Siempre escribo sobre la Navidad cuando me toca entregar un artículo alrededor de los días cercanos a ese día. Como la próxima entrega me va a tocar después del 24 de este mes, pensé en detenerme en considerar lo que es la Navidad en la entrega de este domingo.
En estos días recordamos el nacimiento de Jesús en Belén. Recordamos que Dios se hizo hombre como nosotros para experimentar en su cuerpo y en su alma todo lo que nosotros experimentamos, salvo el pecado. Esa noche del 24 de diciembre fue una noche especial. La estrella brilló, los magos la vieron y se orientaron hasta dar con el niño, y los pastores rodearon su cuna para adorar al redentor.
Esa noche lo ordinario fue extraordinario, pues que una mujer dé a luz a un niño es algo que sucede todos los días, pero que lo haga en un lugar lleno de animales, porque nadie tenía lugar disponible en sus posadas, ya no es tan común. Lo que no es ordinario en absoluto es quiénes son esa mujer y ese niño. Jesús fue un bebé perseguido por Herodes, pues la profecía del Mesías Salvador había llegado hasta sus oídos y la soberbia de quien quiere todo el poder en sus manos le llevó a matar a una cantidad inmensa de inocentes. El hecho de que nacería un redentor, de que brillaría una estrella que señalaría dónde estaba ese niño, movió a los reyes magos a buscar a ese Mesías que anunciaba la profecía de los hebreos. Representando a los hombres que buscan la verdad con todas sus fuerzas, esos reyes venidos de Oriente tenían un sincero deseo de comprender el significado del acontecimiento que vivían. Los pastores, por su parte, no tenían el nivel cultural de los magos, pero la actitud del corazón que busca adorar a Dios, la tenían los dos grupos de hombres.

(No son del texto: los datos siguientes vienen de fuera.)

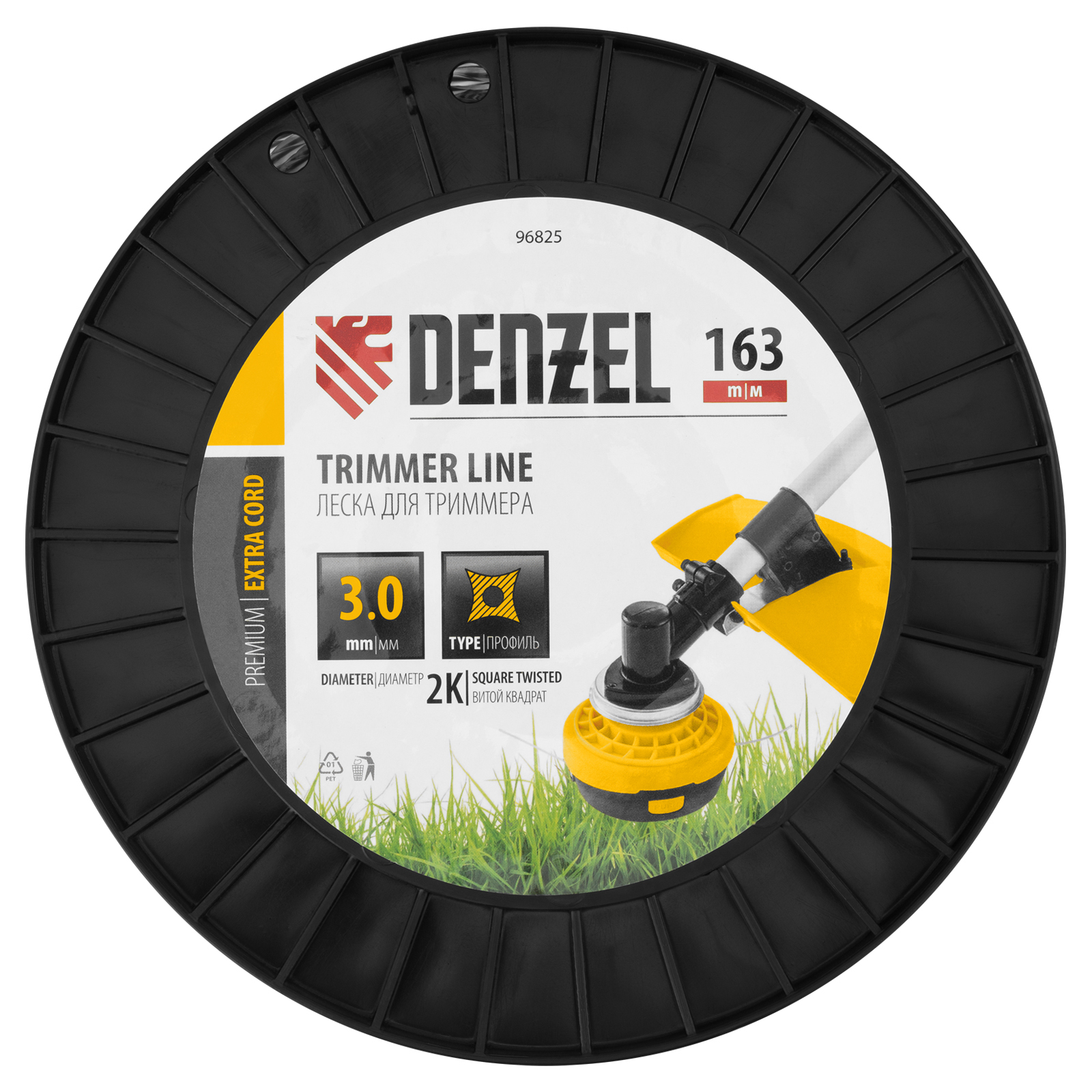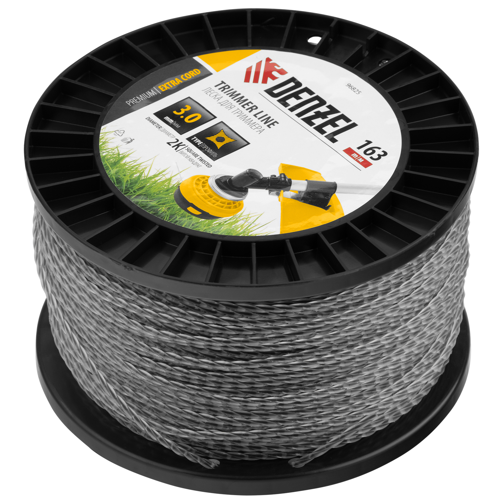 Леска для триммера двухкомпонентная витой квадрат, 3,0мм х 163м, на DIN катушке EXTRA CORD Denzel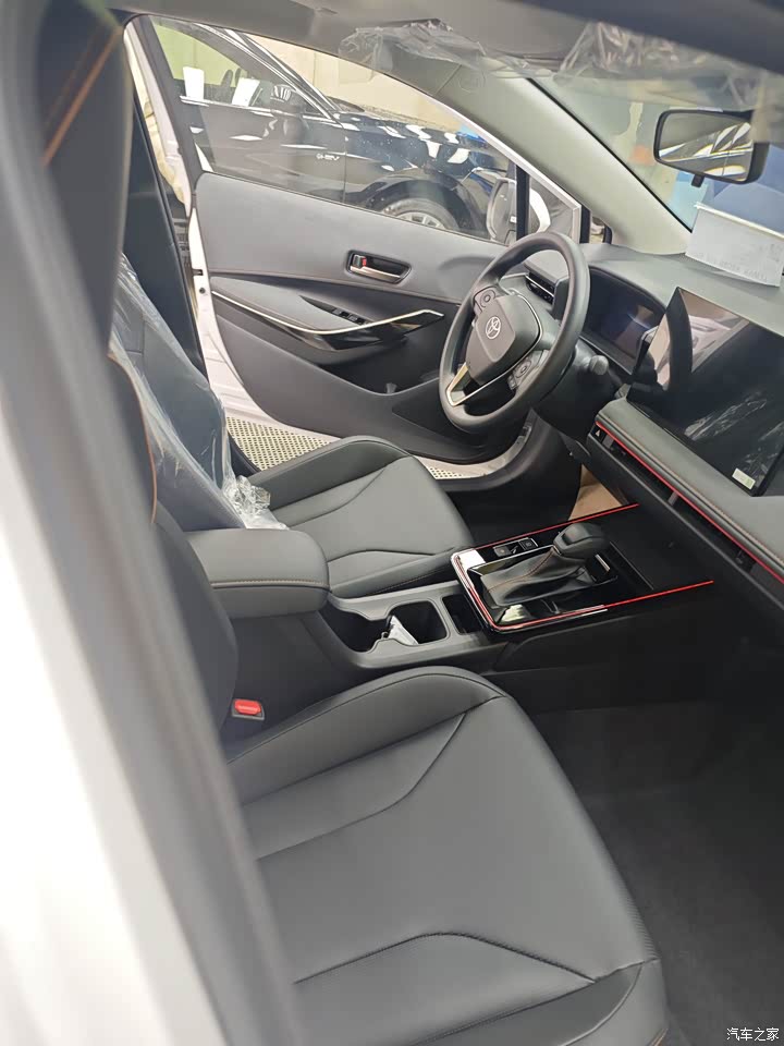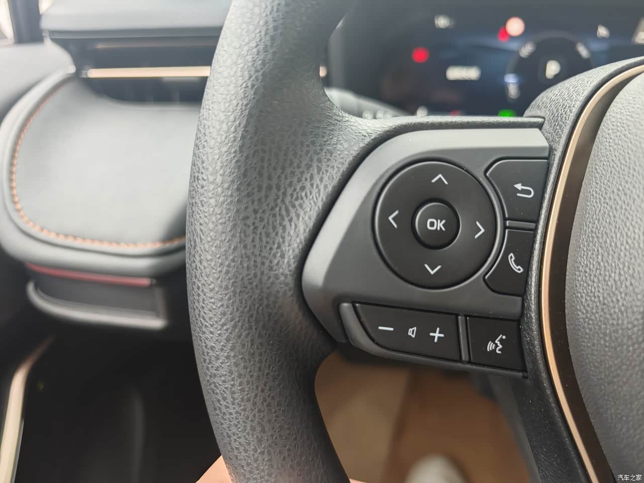 26款卡罗拉的内饰设计就是车内经常接触的区域基本都采用了软质材料包裹,如门把手,中控台,这些地方,中控台采用双层横向线条设计,搭配悬浮式中控屏,视觉上显得更加宽敞一些。 仪表盘升级成了液晶仪表,精英版的是8.8英寸仪表盘+12.9英寸中控屏组合,同时搭配智能车机系统,升级干还是不错的。 多色氛围灯也算是为内饰增添了不少科技感,可根据驾驶模式或个人喜好自由切换颜色,夜间行驶时能营造出温馨舒适的座舱氛围。 内饰的短板就是塑料方向盘,无论是入门版还是中配车型,方向盘都采用硬塑料材质包裹,触感偏硬且缺乏质感,确实显得有些掉档次,真皮方向盘仅在顶配旗舰版上才会有。

Quiero detenerme en lo que significa que Dios haya entrado en nuestra historia, en nuestro tiempo, tanto como en lo que significa la estrella y su misión de iluminar los caminos de los hombres. En relación a lo primero, importa considerar que Dios haya querido hacerse hombre, igual que nosotros. No entró en nuestra historia apareciéndose de pronto, sino que se hizo niño. Nació de una madre, como nosotros. La razón es que quiere elevar la maternidad a un nivel alto y mostrarnos también cómo ser hombres, cómo vivir las etapas de la vida y la cotidianidad, en general, santamente. Para vivir unidos a Dios no hay que hacer algo excepcional: basta con vivir, unidos a El, lo más nimio que hacemos.
El tiempo quedó tocado por la eternidad, por un Dios que se hizo hombre para que nosotros fuésemos Dios, como dice bellamente san Agustín, pues al nacer nos abre la posibilidad de participar de su divinidad. Esto, si queremos, pues si alguien respeta nuestra libertad es Dios.
Así, unidos a Él, todo lo que hacemos se diviniza. El tiempo puede quedar elevado a otro nivel si vivimos conscientes de que esta vida pasa rápido, es un soplo, y luego viene la eternidad, de la que participaremos según hayamos querido participar de ella en esta vida.
La estrella, por otra parte, brilla y guía, orienta. Muestra dónde está ese Mesías y con su brillo indica la grandeza de su misión. Fue signo que mostraba a Dios, que conducía hacia El. Y de noche, en medio de la oscuridad, qué necesario se hace seguir el norte de una estrella así. Como dice el salmo 23: “El señor es mi pastor, nada me faltará. En lugares de verdes pastos me hace descansar; junto a aguas de reposo me conduce. El restaurará mi alma; me guía por senderos de justicia por amor de su nombre/Aunque pase por el valle de sombra de muerte, no temeré mal alguno, porque tú estás conmigo; tu vara y tu cayado me infunden aliento…”.
Ese Dios que se ha hecho bebé para que confiemos y nos acerquemos a Él con la seguridad de que nos escuchará, es el mismo que ya grande prometió a sus apóstoles que estaría con nosotros todos los días: siempre.
Navidad es tiempo de paz, de confianza en ese Dios que no nos olvida ni nos rechaza, sino que, por el contrario, nos busca y ama, nos perdona y acoge.